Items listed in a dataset
◇ ◇ ◇ ◇

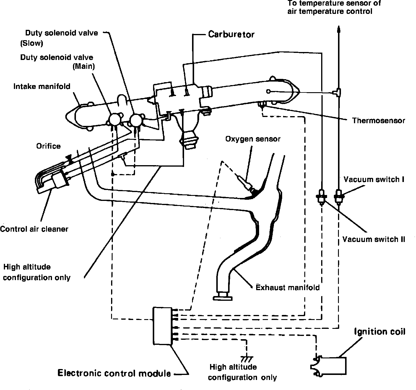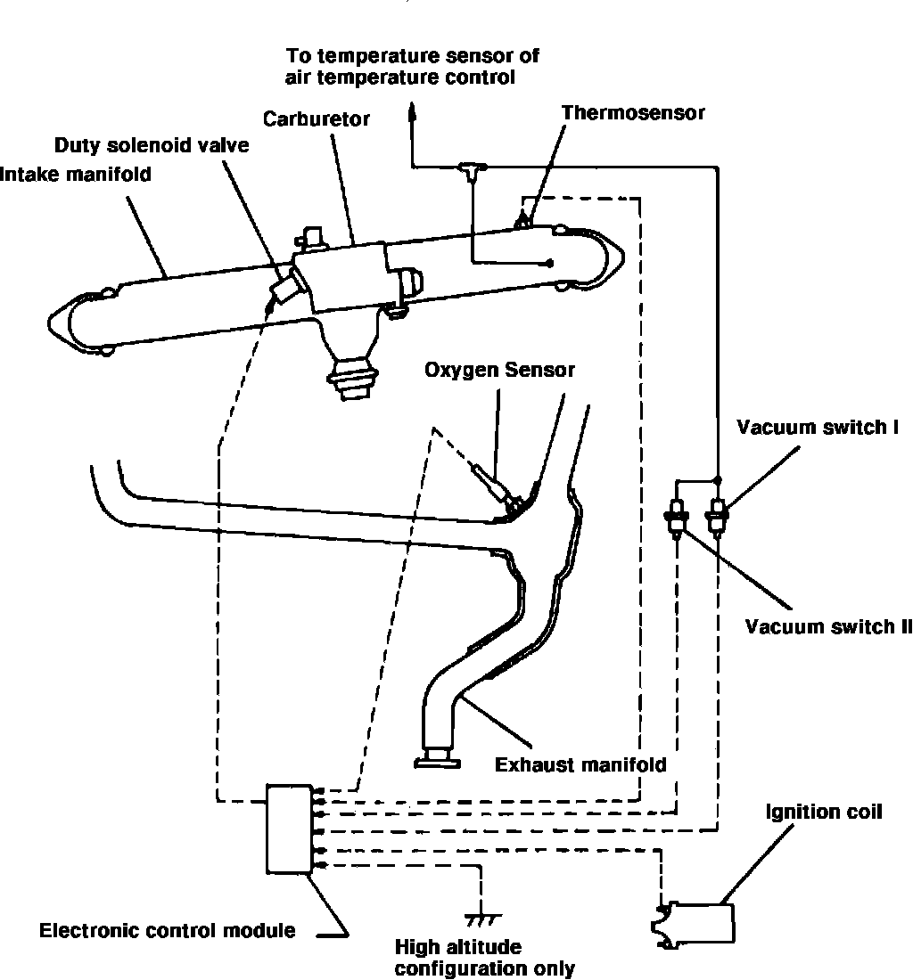 This system, Figs. 1 and 2, is used on 1982-1984 carburetted models and maintains the air/fuel ratio at nearly ideal conditions at all times, thereby controlling emissions while providing satisfactory driveability. The main components of this system are an oxygen sensor, electronic control module, duty solenoid valve, thermosensor, engine speed sensing circuit and two vacuum switches.
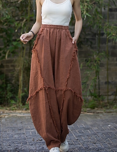 Per donna Pantaloni in cotone e lino Chinos Pantaloni Estivi Culotte Vacanza Streetwear Essenziale Lunghezza intera Vita media Semplice Tasca Fascia Elastica Inelastico Quotidiano All'aperto
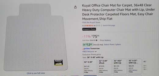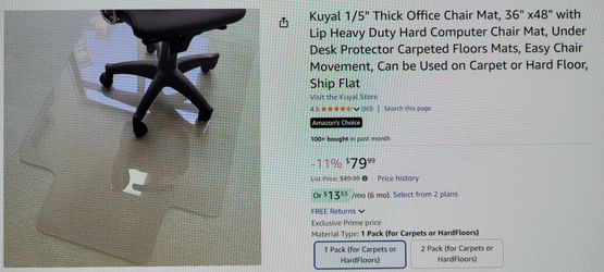 1/5" Thick Office Chair Mat, 36x48 With Lip$30Mesa, AZ
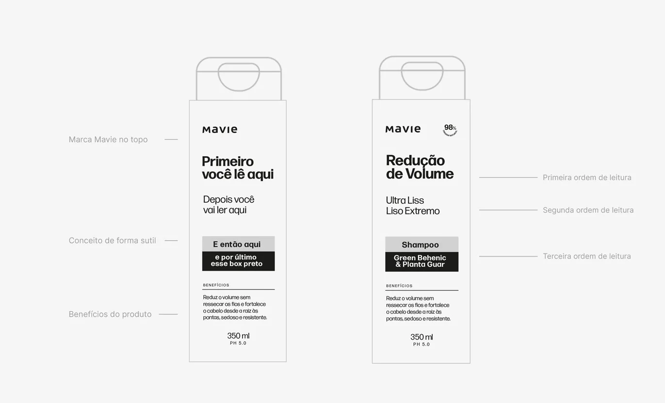 Nesse projeto que criei para a Mavie Cosméticos, trabalhei justamente a hierarquia das informações antes do visual. Como se trata de um segmento com muitos textos, a ordem de leitura seria fundamental para ajudar o consumidor na gôndola.
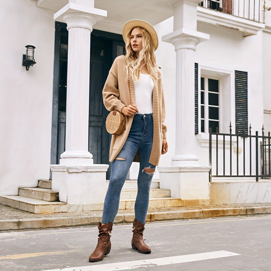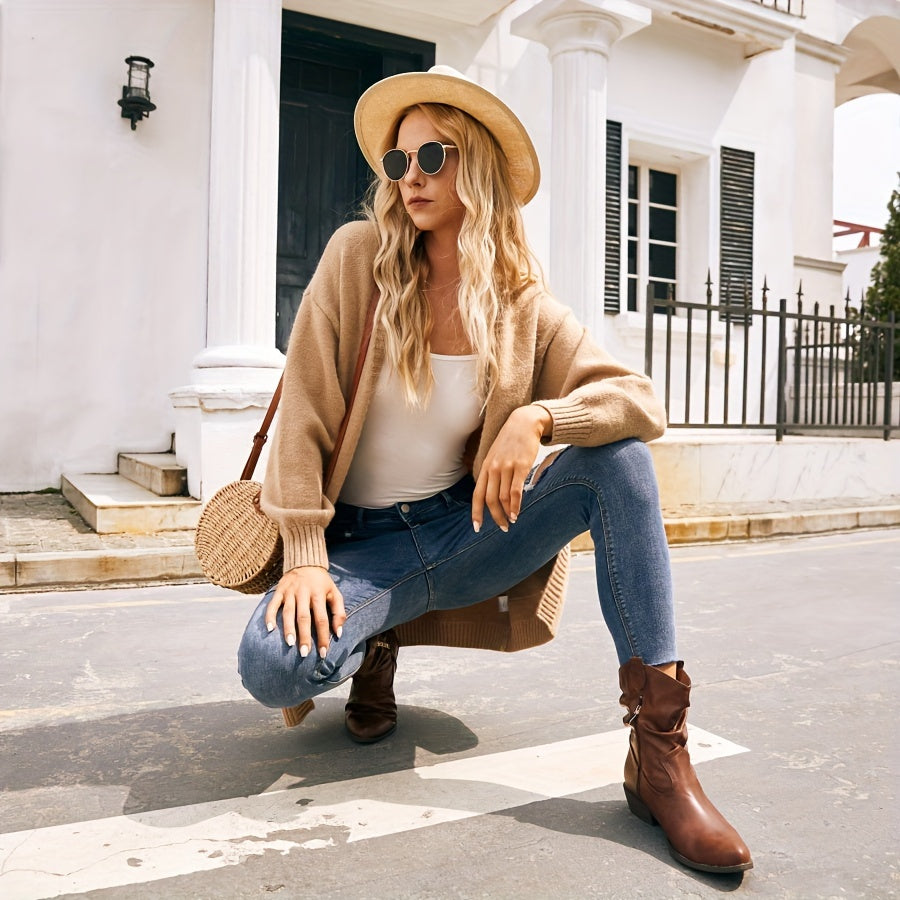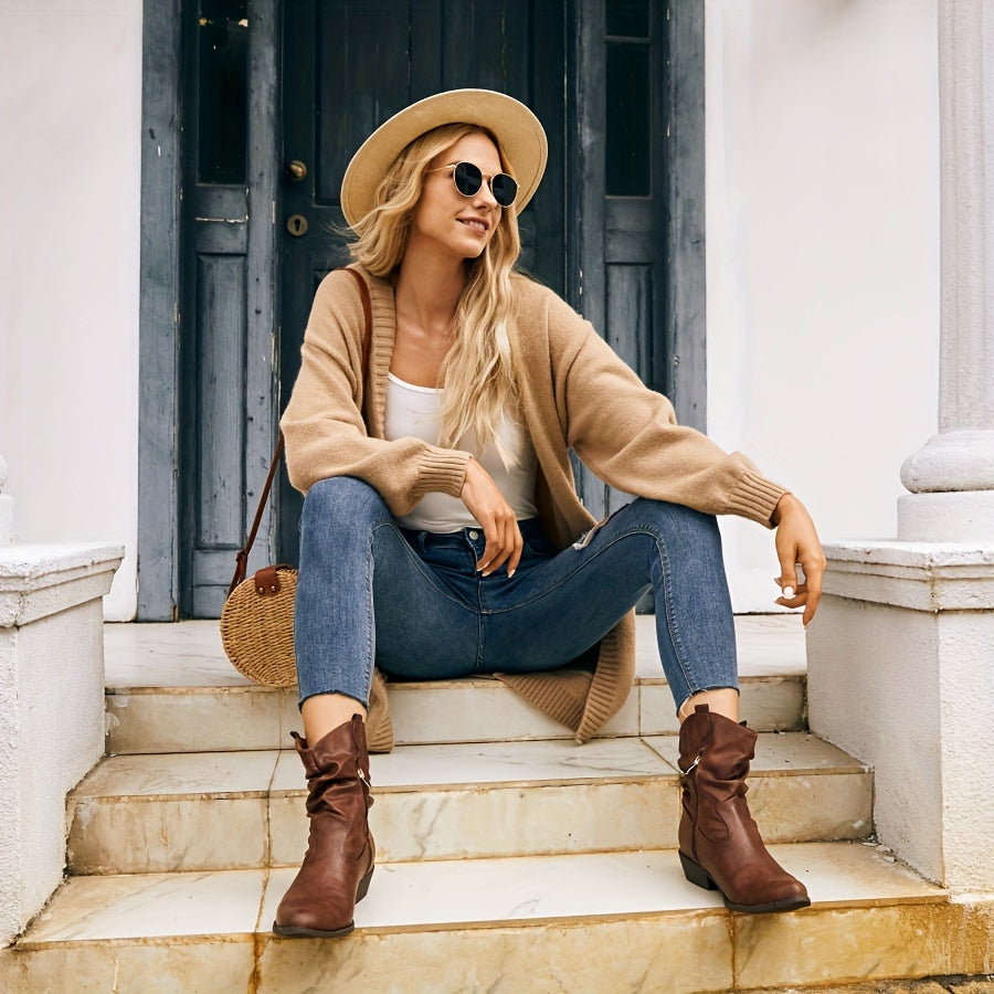 Women's Leather Western Cowboy Boots Pointed Toe Low Heel Side Zipper

◇ ◇ ◇ ◇

Copy the data exactly. Any picture it contains is to be omitted.

 This system, Figs. 1 and 2, is used on 1982-1984 carburetted models and maintains the air/fuel ratio at nearly ideal conditions at all times, thereby controlling emissions while providing satisfactory driveability. The main components of this system are an oxygen sensor, electronic control module, duty solenoid valve, thermosensor, engine speed sensing circuit and two vacuum switches.
 Per donna Pantaloni in cotone e lino Chinos Pantaloni Estivi Culotte Vacanza Streetwear Essenziale Lunghezza intera Vita media Semplice Tasca Fascia Elastica Inelastico Quotidiano All'aperto
 1/5" Thick Office Chair Mat, 36x48 With Lip$30Mesa, AZ
 Nesse projeto que criei para a Mavie Cosméticos, trabalhei justamente a hierarquia das informações antes do visual. Como se trata de um segmento com muitos textos, a ordem de leitura seria fundamental para ajudar o consumidor na gôndola.
 Women's Leather Western Cowboy Boots Pointed Toe Low Heel Side Zipper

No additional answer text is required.